The safe late-night snacks
For a lot of us, snacking after dinner has become a ritual. But with evening eats potentially causing so much disruption, it’s worth trying to break the habit.
“First, establish if you are really hungry,” says Dr Schenker. “Are you maybe mildly dehydrated? Have a mint tea and see how you feel.”
Perhaps it’s a reward at the end of your day? “In that instance, do something else like take a warm bath to reward yourself,” suggests Dr Schenker. This will have the added benefit of helping your sleep.
“If you really do feel hungry go for snacks that are light and easy to digest.”
Try including foods that contain the amino acid tryptophan, which helps your body make melatonin and serotonin, a neurotransmitter that helps with sleep and mood.
“Dairy products are a good source and easy to digest.
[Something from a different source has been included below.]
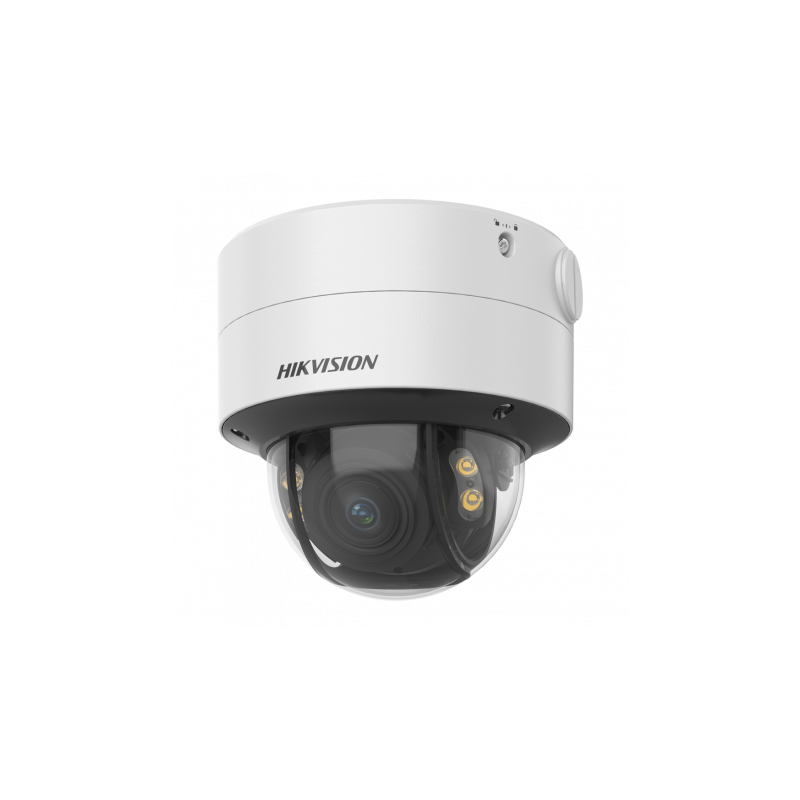 Cámara Domo IP Hikvision, 4 MP, lente varifocal motorizada de 3.6 a 9 mm, luz blanca 40 metros, ColorVu, PoE, IP67, IK10.

Pair with complex carbs to help the tryptophan convert to these hormones in the brain,” says Dr Schenker. Go for Greek yogurt with banana, oats with milk or oat biscuits with cottage cheese. Check out our healthy snacks recipes for more nourishing options.
If you really can’t resist the urge to eat, ask yourself if dinner is actually filling you up.
“Your dinner needs to be big enough to fuel you and it needs to be balanced too to fill you up,” says Rob. “Aim to have a source of protein (such as chicken, fish, beef, tofu), complex carbs (such as brown rice, quinoa), healthy fats (such as avocado, nuts and olive oil) and plenty of colourful vegetables.
“If you’re giving your body the nutrients it needs, you may find that your urge to snack naturally reduces.”